>>>

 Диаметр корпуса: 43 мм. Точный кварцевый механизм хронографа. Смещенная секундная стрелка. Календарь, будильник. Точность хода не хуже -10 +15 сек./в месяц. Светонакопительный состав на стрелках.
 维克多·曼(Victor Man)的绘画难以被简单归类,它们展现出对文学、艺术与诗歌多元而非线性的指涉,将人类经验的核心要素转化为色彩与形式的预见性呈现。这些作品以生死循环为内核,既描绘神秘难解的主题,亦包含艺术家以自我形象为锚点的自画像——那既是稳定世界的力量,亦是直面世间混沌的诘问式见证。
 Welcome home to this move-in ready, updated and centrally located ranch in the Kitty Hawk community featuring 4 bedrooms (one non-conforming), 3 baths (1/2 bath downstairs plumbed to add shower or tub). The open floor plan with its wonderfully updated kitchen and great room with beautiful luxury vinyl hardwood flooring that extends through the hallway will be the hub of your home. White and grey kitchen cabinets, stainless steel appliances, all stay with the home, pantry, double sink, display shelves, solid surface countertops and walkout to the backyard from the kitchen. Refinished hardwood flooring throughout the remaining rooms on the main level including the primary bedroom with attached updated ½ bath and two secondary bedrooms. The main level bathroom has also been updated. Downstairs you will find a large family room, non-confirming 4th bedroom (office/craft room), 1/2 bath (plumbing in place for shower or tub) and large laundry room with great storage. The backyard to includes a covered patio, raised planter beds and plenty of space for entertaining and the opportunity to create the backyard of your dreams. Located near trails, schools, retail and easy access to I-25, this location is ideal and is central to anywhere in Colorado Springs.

<<<
>>>

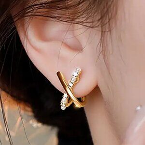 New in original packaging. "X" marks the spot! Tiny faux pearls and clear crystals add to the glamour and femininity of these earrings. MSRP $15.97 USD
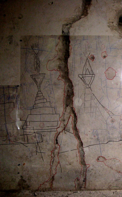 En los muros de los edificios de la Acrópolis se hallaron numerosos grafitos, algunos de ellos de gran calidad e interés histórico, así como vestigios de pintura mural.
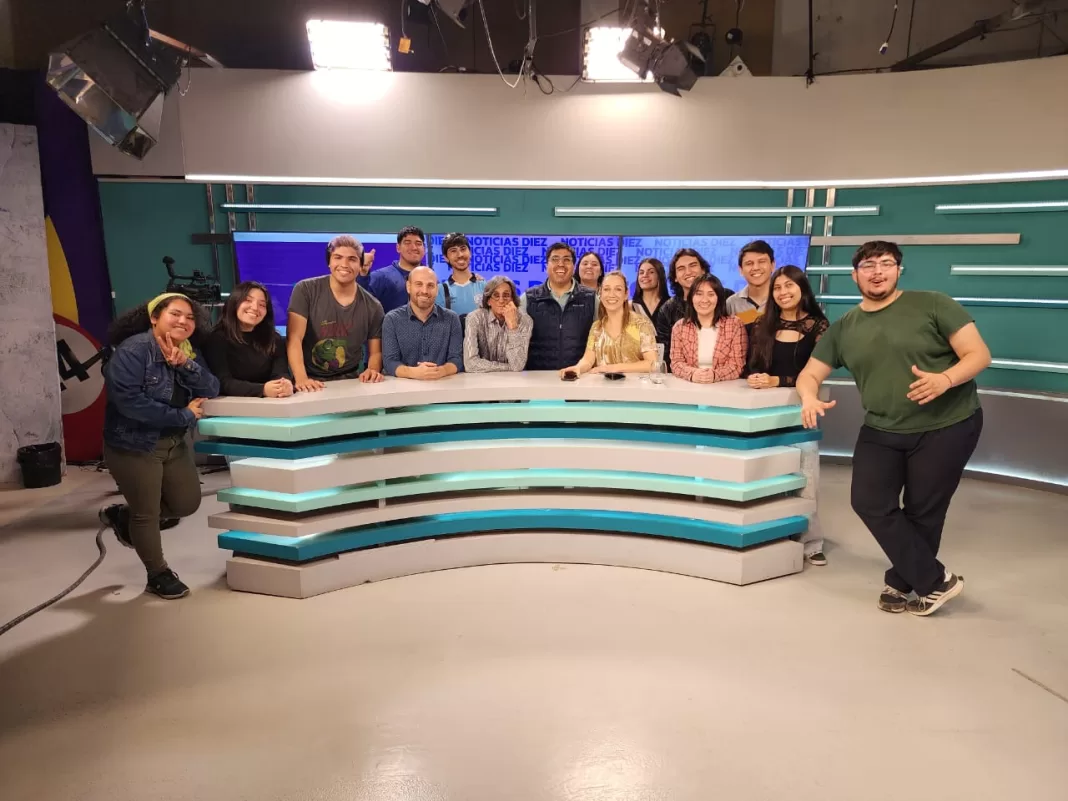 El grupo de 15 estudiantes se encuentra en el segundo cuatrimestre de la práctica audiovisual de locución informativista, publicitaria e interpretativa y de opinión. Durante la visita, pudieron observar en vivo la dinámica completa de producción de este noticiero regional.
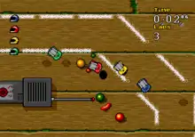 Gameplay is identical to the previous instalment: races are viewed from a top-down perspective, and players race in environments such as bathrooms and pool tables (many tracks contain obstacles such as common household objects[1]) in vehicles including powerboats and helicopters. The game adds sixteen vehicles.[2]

<<<
>>>

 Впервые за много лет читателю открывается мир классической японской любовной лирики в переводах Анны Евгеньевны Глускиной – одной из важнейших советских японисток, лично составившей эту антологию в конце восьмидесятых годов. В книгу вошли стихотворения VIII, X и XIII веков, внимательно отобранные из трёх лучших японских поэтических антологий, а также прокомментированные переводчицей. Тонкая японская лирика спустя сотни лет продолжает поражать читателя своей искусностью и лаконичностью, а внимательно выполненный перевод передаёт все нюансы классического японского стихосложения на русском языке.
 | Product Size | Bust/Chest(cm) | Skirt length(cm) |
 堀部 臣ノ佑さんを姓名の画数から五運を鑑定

<<<

• **Activity**
Will you return exactly the lines above from the one with "Диаметр корпуса: 43" down to the one with "Welcome home to", counting both as part of the range?

• **Output for this exercise**
 Диаметр корпуса: 43 мм. Точный кварцевый механизм хронографа. Смещенная секундная стрелка. Календарь, будильник. Точность хода не хуже -10 +15 сек./в месяц. Светонакопительный состав на стрелках.
 维克多·曼(Victor Man)的绘画难以被简单归类,它们展现出对文学、艺术与诗歌多元而非线性的指涉,将人类经验的核心要素转化为色彩与形式的预见性呈现。这些作品以生死循环为内核,既描绘神秘难解的主题,亦包含艺术家以自我形象为锚点的自画像——那既是稳定世界的力量,亦是直面世间混沌的诘问式见证。
 Welcome home to this move-in ready, updated and centrally located ranch in the Kitty Hawk community featuring 4 bedrooms (one non-conforming), 3 baths (1/2 bath downstairs plumbed to add shower or tub). The open floor plan with its wonderfully updated kitchen and great room with beautiful luxury vinyl hardwood flooring that extends through the hallway will be the hub of your home. White and grey kitchen cabinets, stainless steel appliances, all stay with the home, pantry, double sink, display shelves, solid surface countertops and walkout to the backyard from the kitchen. Refinished hardwood flooring throughout the remaining rooms on the main level including the primary bedroom with attached updated ½ bath and two secondary bedrooms. The main level bathroom has also been updated. Downstairs you will find a large family room, non-confirming 4th bedroom (office/craft room), 1/2 bath (plumbing in place for shower or tub) and large laundry room with great storage. The backyard to includes a covered patio, raised planter beds and plenty of space for entertaining and the opportunity to create the backyard of your dreams. Located near trails, schools, retail and easy access to I-25, this location is ideal and is central to anywhere in Colorado Springs.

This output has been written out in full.